Quest’ultima, impegnata nelle guerre europee, ritenne di non poter più difendere un simile territorio da eventuali attacchi britannici o spagnoli, pertanto decise di venderla nella sua interezza, sorprendendo l’inviato speciale del presidente a Parigi, James Madison, che aveva l’incarico di procedere soltanto all’acquisto di New Orleans e dell’area circostante. L’affare si chiuse per la cifra di 60 milioni di franchi. In questo modo gli Stati Uniti ottenevano la libertà di circolare lungo il fiume Mississippi e di potersi espandere a Ovest. I coloni americani insieme con gli ex emigranti francesi dal Canada e con i numerosi neri liberi produssero un singolarissimo mix che rese la Louisiana un caso unico negli stati che si reggevano economicamente sulla monocoltura del cotone. Questa diversità non impedì che la Louisiana aderisse con entusiasmo alla secessione confederata del 1861.
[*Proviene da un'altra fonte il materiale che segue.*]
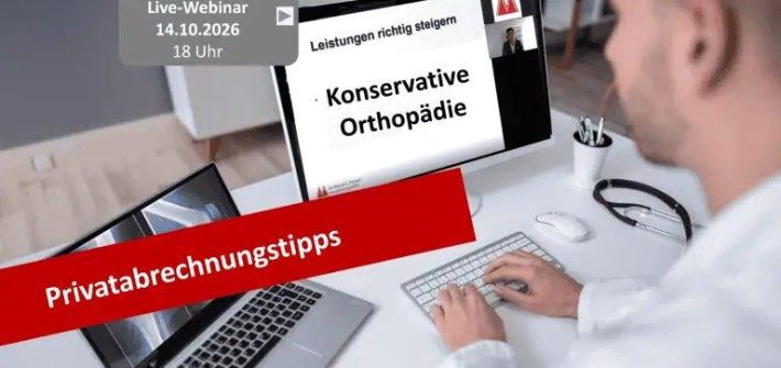 Live-Webinar-Reihe “Privatabrechnungstipps für Orthopäden – Allgemein” am 14.10.2026 Ihr Nutzen Die geplante Novelle der GOÄ beschäftigt derzeit die gesamte Ärzteschaft. In unserem Webinar erfahren Sie, welche Punkte der GOÄneu nach dem Ärztetag 2025 für die Orthopädie besonders relevant sind und wie Sie sich schon jetzt darauf einstellen können. Anhand von Praxisbeispielen der jetzigen GOÄ zeigen […]
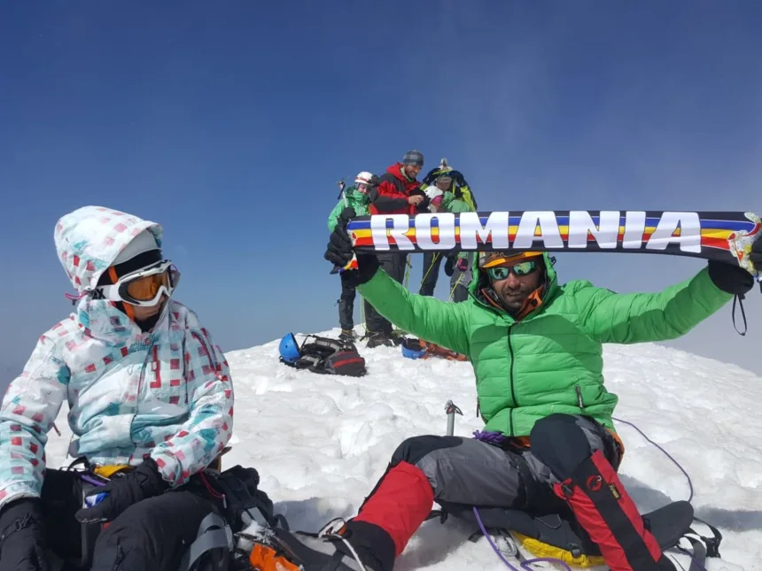 Vârful Kazberg (5.042 de metri), din Munții Caucaz, Georgia, a fost escaladat duminică, la ora locală 9.48, de către trei români, printre care și argeșeanul Florian Mihalcea (36 de ani), unul dintre cei mai experimentați alpiniști și salvatori montani din această zonă a țării. Din ceea ce ne-a mărturisit Mihalcea, echipa românească s-a confruntat cu un vânt puternic, dar a avut o vizibilitate bună, așa că acest vârf a fost cucerit, într-un final, de tinerii inimoși.

Ma la leadership schiavista non calcolò che la maggior parte dei neri liberi, quando la marina nordista sferrò l’attacco a New Orleans il 25 aprile del 1862, passò a sostenere l’Unione con tale entusiasmo che, caso unico, gli venne garantita rappresentanza alla Camera dei rappresentanti di Washington, pur essendo ancora lo stato in parte sotto il controllo dei confederati. Dopo la guerra la Louisiana rimase ancora a lungo uno stato agricolo, fino alle trasformazioni seguite a due catastrofi di diverso tipo.
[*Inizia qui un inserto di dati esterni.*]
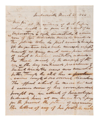 The text of Gibson's letter begins after another letter (dated March 1844) from his doctor describing his "poor" condition. Gibson's letter begins with a plea to his brother to "not be alarmed by the word Hemorrhage" in the doctor's note. He spends a few lines discussing his own health and then transitions into business, his plans to return home, and his own financial situation.
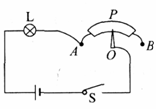 如图所示为亮度可调台灯的电路示意图,其中AB是一根电阻丝,OP是滑动片,可绕O点旋转,P端与电阻丝接触良好。连接好电路后,滑片OP顺时针转动时,流过灯泡L的电流变 (选填“大”或“小”),灯泡变 (选填“亮”或“暗”)。
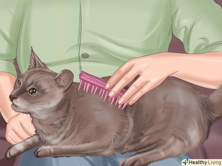 Подбайте про належне грумінгу. без сумніву, кішки досить професійно справляються з підтриманням чистоти і краси свого зовнішнього вигляду. Проте невелика допомога з Вашого боку все ж не буде зайвою, а часом може навіть бути сприйнята з вдячністю. [14]- Більшість кішок дозволяє себе вичісувати, головне — робити це акуратно і застосовувати належні інструменти. Для довгошерстих кішок можна спробувати використовувати плоску гребінець-гребінь, а для короткошерстих — пуходерку. Вичісуйте шерсть вихованця в міру необхідності, щоб звести до мінімуму утворення ковтунів. Знайте, що також існують спеціалізовані щітки та інструменти для догляду за шерстю в більш чутливих зонах, наприклад, навколо очей.
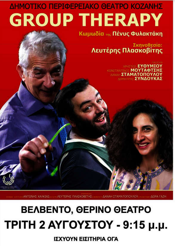 Το «Group Therapy» γράφτηκε το 2019 και παρουσιάζεται για πρώτη φορά στην Ελλάδα, από το ΔΗΠΕΘΕ ΚΟΖΑΝΗΣ, σε σκηνοθεσία Λευτέρη Πλασκοβίτη.
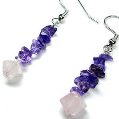 The )Amethyst and Rose Quartz Drop Earrings* is made up of rose quartz bead cubes and amethyst chips beads. These are all strung on transparent cording and attached to a pair of hook earrings
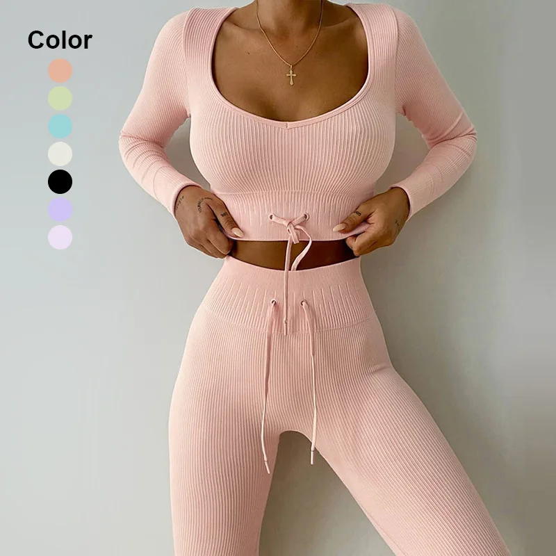 Комплект из 2 предметов для фитнеса, йоги, набор для женщин, короткий топ с длинным рукавом, Бесшовные ребристые леггинсы с высокой талией, тренировочная одежда, спортивный костюм

Il giorno di Natale del 1926 iniziò una piena fuori dal comune che travolse i territori degli stati percorsi dal fiume Mississippi esondando in 145 punti. L’acqua invase 70mila km quadrati per mesi, defluendo solo in agosto
Il giorno di Natale del 1926 iniziò una piena fuori dal comune che travolse i territori degli stati percorsi dal fiume Mississippi (un filmato d’epoca sugli eventi si trova qua), esondando in 145 punti. L’acqua invase 70mila km quadrati per mesi, defluendo soltanto nel mese di agosto 1927. Il tragico bilancio fu di più di 500 vittime e di 700mila sfollati. Il presidente Calvin Coolidge, repubblicano favorevole allo stato minimo, non ritenne in prima battuta che fosse compito del governo federale provvedere al soccorso in caso di disastri naturali, ma poi nominò il segretario al commercio Herbert Hoover come responsabile straordinario dell’emergenza.
Hoover, che durante la Prima Guerra Mondiale era stato capo della U.S. Food Administration per garantire l’approvvigionamento di derrate alimentari agli Alleati, divenne popolarissimo nel Paese come risolutore di problemi: grazie ai primi interventi di irregimentazione delle acque sul Mississippi (come spiega bene questo articolo, fu la prima volta che il governo federale intervenne in modo così diretto). Ma se Hoover venne eletto presidente in modo trionfale, qualche anno dopo fu la Grande Depressione a costargli il posto alla Casa Bianca. La Louisiana soffrì ancora fortemente per la crisi economica e iniziò un’emigrazione verso il Nord industriale e la California degli afroamericani e dei bianchi poveri.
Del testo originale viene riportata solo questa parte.